Множество полицейских из различных округов Норвегии участвовали в работе в течение семи недель при содействии Министерства обороны и внешних экспертов. Поначалу собрали пробы почвы в тех местах, которые указал Квик, затем весь материал вручную просеяли и обследовали судебные археологи, прибегнув к помощи служебных собак. После этого безрезультатного сизифова труда началась еще более сложная работа по осушению маленького лесного озерца. Тридцать пять миллионов литров воды было откачано из озера и профильтровано; осадок на дне собрали до глубины, где находились отложения 10 000-летней давности. Когда вся эта работа не дала результатов, осадок профильтровали еще раз — но ни малейшего фрагмента тела Терезы так и не нашли.

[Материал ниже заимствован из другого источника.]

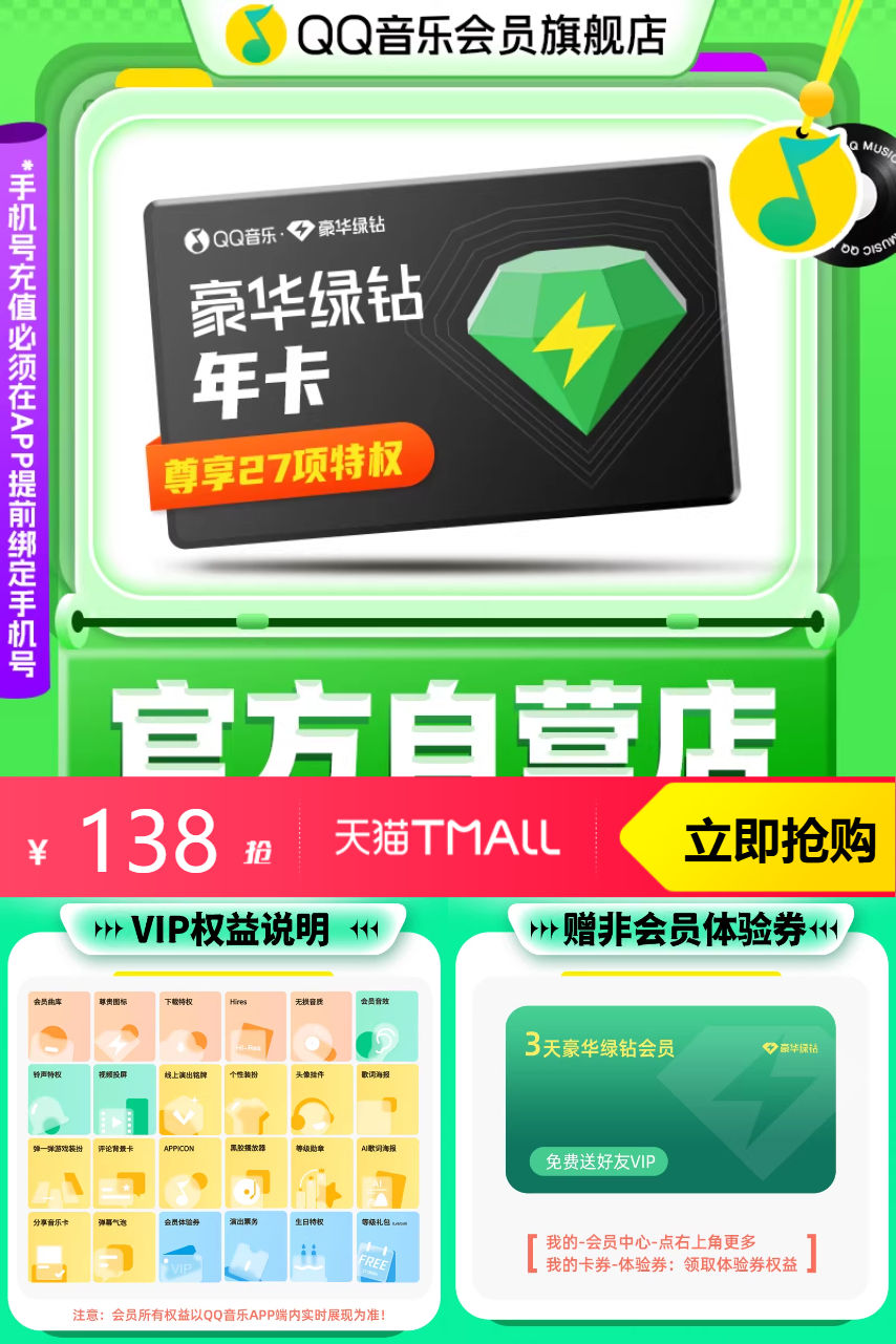 QQ音乐会员年卡豪华绿钻会员vip充值,歌曲畅听,尽享无限乐章,高质量音质,仿佛身临其境的听觉体验~

Исключительно дорогостоящее расследование и полное отсутствие результатов неизбежно приводили к выводу, что рассказ Квика не соответствует истине.
Отсутствие находок после осушения озера требовало объяснений от Томаса Квика. Тут он снова изменил свой рассказ, заявив, что спрятал тело Терезы в карьере, где добывают гравий.
Пока норвежцы обыскивали каждый квадратный метр леса, Квика раз за разом допрашивал Сеппо Пенттинен. И поиски в лесу Эрьескуген продолжались до тех пор, пока эксперты — наконец-то! — не наткнулись на остатки костра, где обнаружили обгоревшие фрагменты костей.
Одним из исследователей находок из леса Эрьескуген был норвежский профессор Пер Хольк. Вскоре после начала исследования он пришел к выводу, что некоторые обломки костей, вероятно, принадлежат человеку в возрасте от пяти до пятнадцати лет.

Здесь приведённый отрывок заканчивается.